What is reinvention if you become who you already were?

You won’t read a review that doesn’t compare Morning Phase to Sea Change, because Morning Phase sounds like a sequel. It doesn’t sound like a man looking back at a project and sensing it was incomplete. It doesn’t sound like an artist feeling a new blood flow through old veins. It doesn’t sound like rejected songs from a brilliant session – these are not the extra verses of “Lost Cause” thrown onto a new palette and repainted.

This sounds like a conscious decision to follow up a few years of trying new things with something easier and tamer. A press release names it a “companion piece,” but if this is a companion, it is a little, less intelligent brother; a dozen years younger than his elder, he longs to dive right into what big brother Sea Change does without ever wondering why it worked the first time. Harmonies were cool, right? Throw it in the mix. Dad used to write orchestral arrangements? Let’s add strings all over the place. We had some cool support in 2002? In 2014, let’s get jazz-fusion legend Stanley Clarke to support on upright bass.

It worked for the elder brother because he was new. No one saw him coming; the unexpected thing for a wild artist to do was to be tame. It doesn’t work on Morning Phase. You can’t turn a 12-song collection into a 25-song collection twelve years later and expect to pull it off, let alone without the same level of songwriting and creativity that brought it the first time. Hire a bum off the street to write Sea Change again, and you have Morning Phase.

There’s a heavier album expected to come from Beck at some point later this year. Perhaps the sequel will have more musical integrity, more lyrical integrity than this rehashed take on recovery. The food on here isn’t simply the same recipe; it feels like the same meal, microwaved more than a decade later. 2014: “Why does it hurt this way? To come so far to find they’ve closed the gates.” 2002: “No more ashes to ashes, no more cinders from the sky.” 2014: “Looked up this morning, saw the roses full of thorns.” 2002: “There’s a blue bird at my window, I can’t hear the songs he sings. All the jewels in heaven, they don’t look the same to me.

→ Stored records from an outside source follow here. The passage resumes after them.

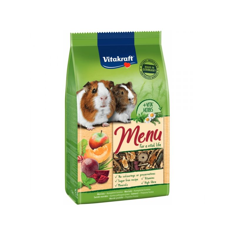 Meniu G Pig Vitakraft 400 g - Hrana completa pentru porcusorii de Guineea, cu seminte, cereale si legume delicioase plus vitamina C.n- Hrana este preparata dupa o reteta fara zahar, arome sau conservanti artificiali.- Fortifica sistemul imunitar pentru rezistenta la boli gratie vitaminei C.- Sporirea vitalitatii este asigurata de complexul vital de vitamine si minerale esentiale.- Mirosurile urate provocate de excrementele si urina din cusca animalelor sunt reduse datorita combinatiei speciale de ingrediente active existente in aceasta hrana.- Stimuleaza digestia si asigura o dentitie sanatoasa datorita continutului de fibre brute. nnMeniul premium pentru o nutritie adecvata porcusorilor de guineea.nEste produs special din produse de cea mai buna calitate, pentru a-i oferi animalutului tau tot ceea ce are nevoie pentru o viata sanatoasa.nFara zahar, fara arome artificiale.nn nnInstructiuni de hranire: 3 lingurita (aprox 30-35g) pe zi. Puneti la dispozitia animalutului apa proaspata in permanenta.nIngrediente: cereale 54,5%, derivate de origine vegetala (sfecla rosie 2,6%, dovleac uscat 1%), fructe (mere uscate 1%), minerale, uleiuri si grasimi (ulei de rapita 0,2%), extract de iuca shidigera.nAditivi nutritionali meniu: 13234 U.I E 672, Vit A; 839 U.I E 671 Vit D3; 420 mg vit.C; 0,115 mg Seleniu; 107,55 mg Fier E1; 0,06 mg E2 Iod; 4,84 mg Cupru; 12,43 mg Mangan; 17,18 mg Zinc.nAditivi tehnologici: 6487,44 mg clinoptilolit.nnAmbalaj: 400 g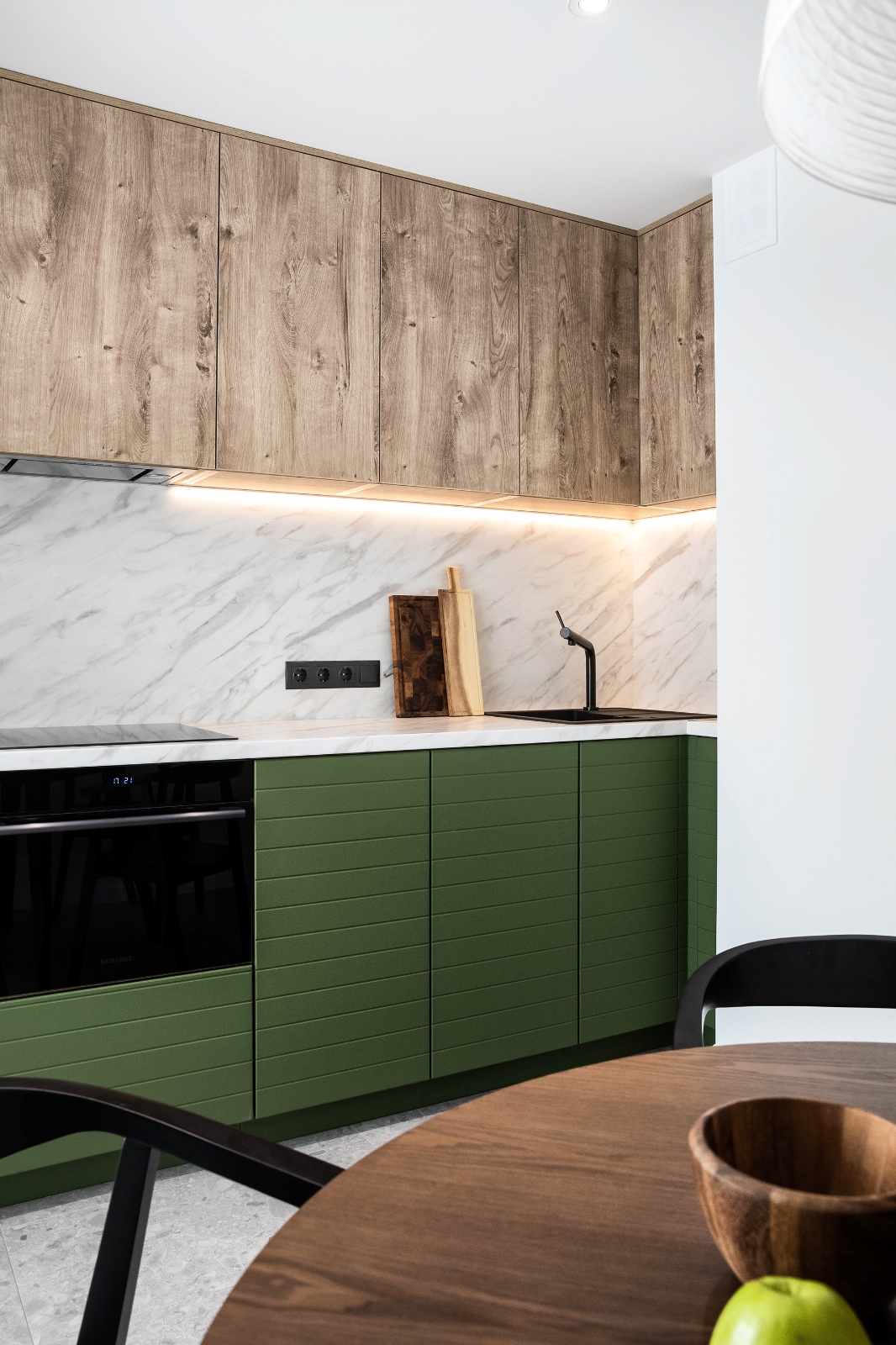 廚房采光特別好,櫥柜的搭配顏色與客廳色彩保持一致。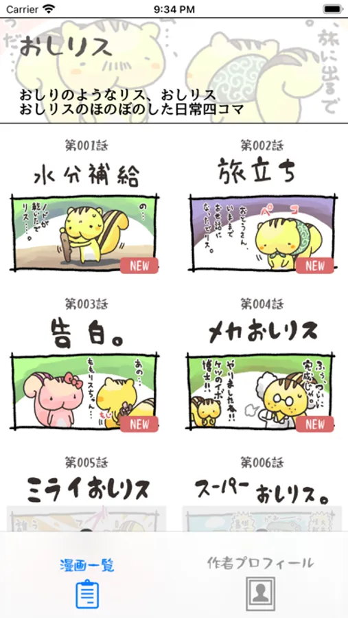 毎日更新される〜おしりのようなリス〜「おしリス」の四コマ漫画+オニモツさんを紹介するアプリです。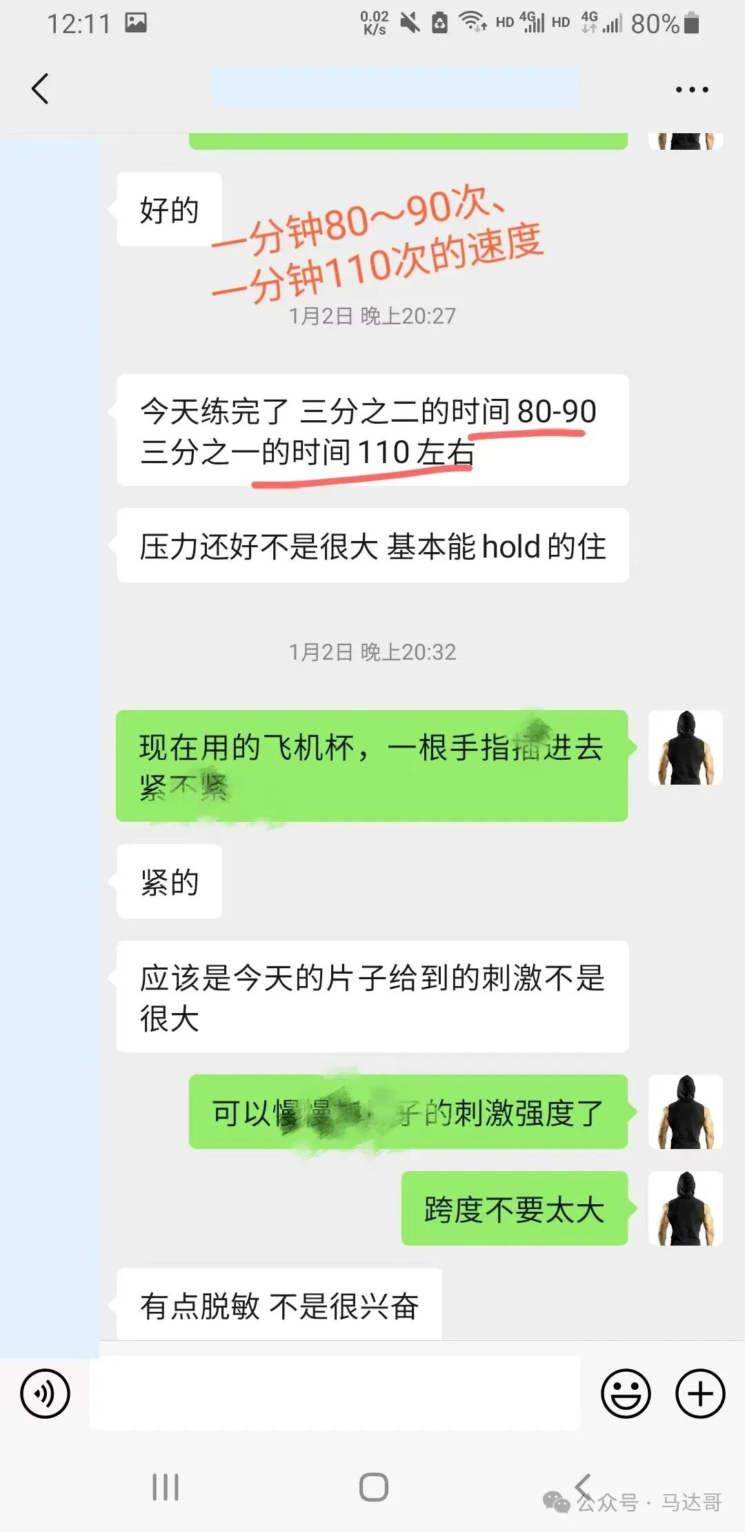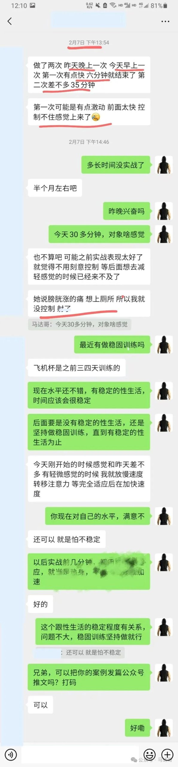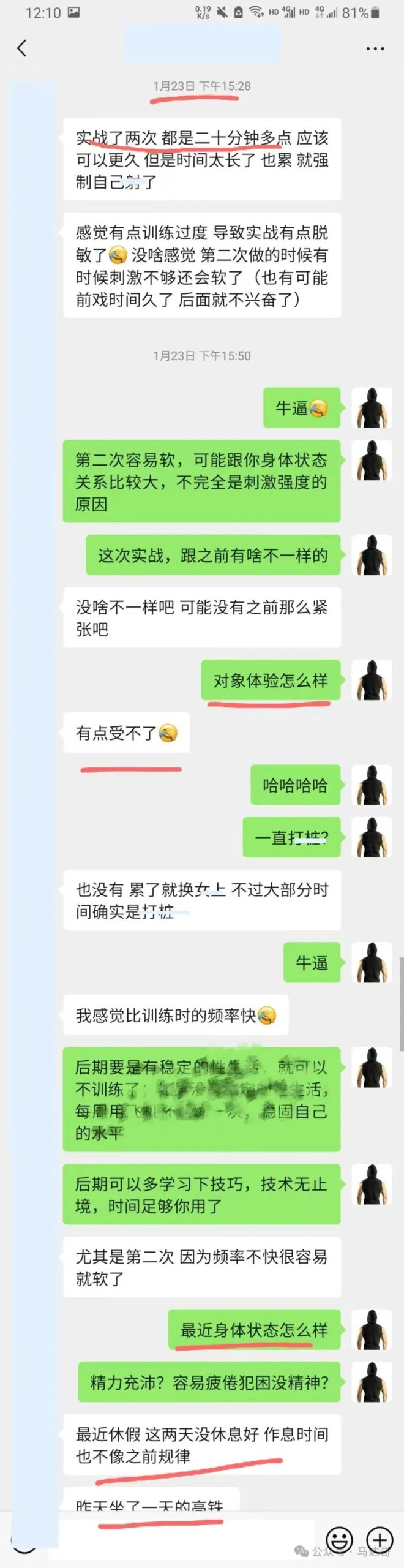【年龄】26岁【报名时间】2023年10月11日【训练时间】训练不到2个月【训练后水平】看片+飞机杯30分钟无压力【训练后实战】下文有各个部分的截图第一次反馈,24年1月23日,20分钟+第二次反馈,24年2月7日,最长35分钟
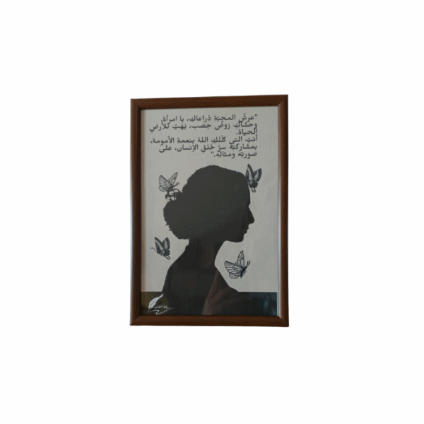 This A4 frame features an elegant illustration of a woman accompanied by an inspiring paragraph celebrating women, titled عرش المحبّة. Perfect for home, office, or creative spaces, it adds a touch of empowerment and style to any wall. Easily framed or displayed on a shelf, it complements modern décor and can be paired with other inspirational prints for a cohesive look.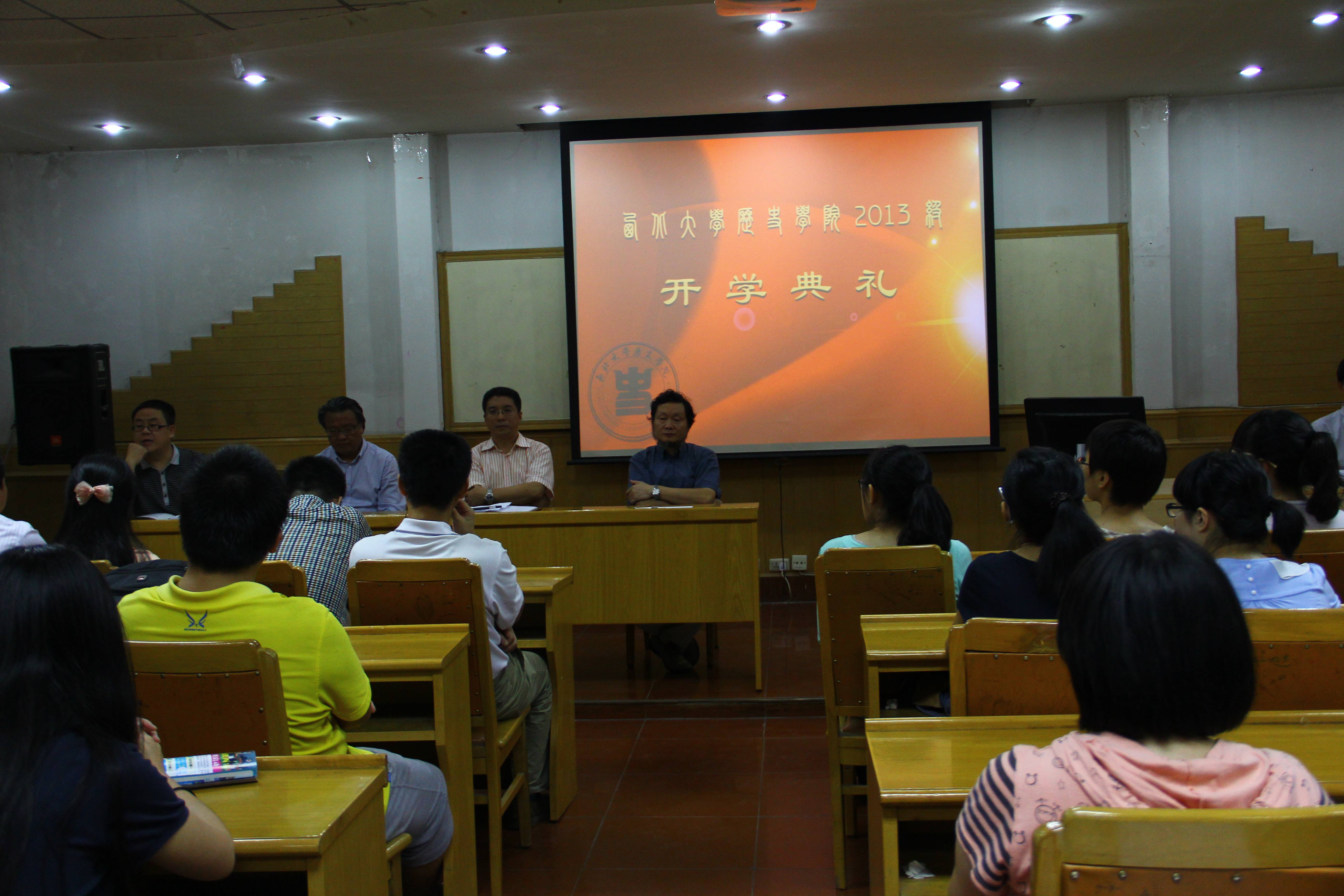 球盟会qmh2013级新生开学典礼于94日下午230分在球盟会qmh二楼多媒体教室隆重举行。出席本次典礼的有球盟会院长陈峰教授、党总支书记李国良老师、副院长王新刚教授、副院长李长宏老师以及团委书记薛原老师。2013级全体本科和研究生新生参加了此次典礼。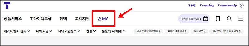 그럴 때는 티월드에서도 puk 코드를 조회하여 해제할 수 있습니다. 두 번째 puk 해제방법은 t월드에 접속하여 로그인 한 뒤 상단에 있는 MY로 접속하여 나의 가입정보로 들어갑니다.

Writing in the same style with the same lyrical mindset would be fine if it were particularly good, but it isn’t. It’s an expected album with a predictable quality, every creative stone left unturned. Even on the tracks where a brilliant song lay in there somewhere, an overproduction ruins it. This is a remarkable thing for an album sounding so “simple,” and yet, that’s the key to sounding like Morning Phase: taking a bare bones song with little value and producing it as much as possible while still letting it keep the songwriter skeleton. It worked well on Sea Change, but on this?

What is reinvention if you become who you already were, but a shadow compared to a darkness, a hatchling to an eagle, a connect-the-dots sketch to a masterpiece?

Boring.

SCORE: 4/10
Review by: Dan Bogosian (Twitter)

Dan Bogosian
Both comments and pings are currently closed.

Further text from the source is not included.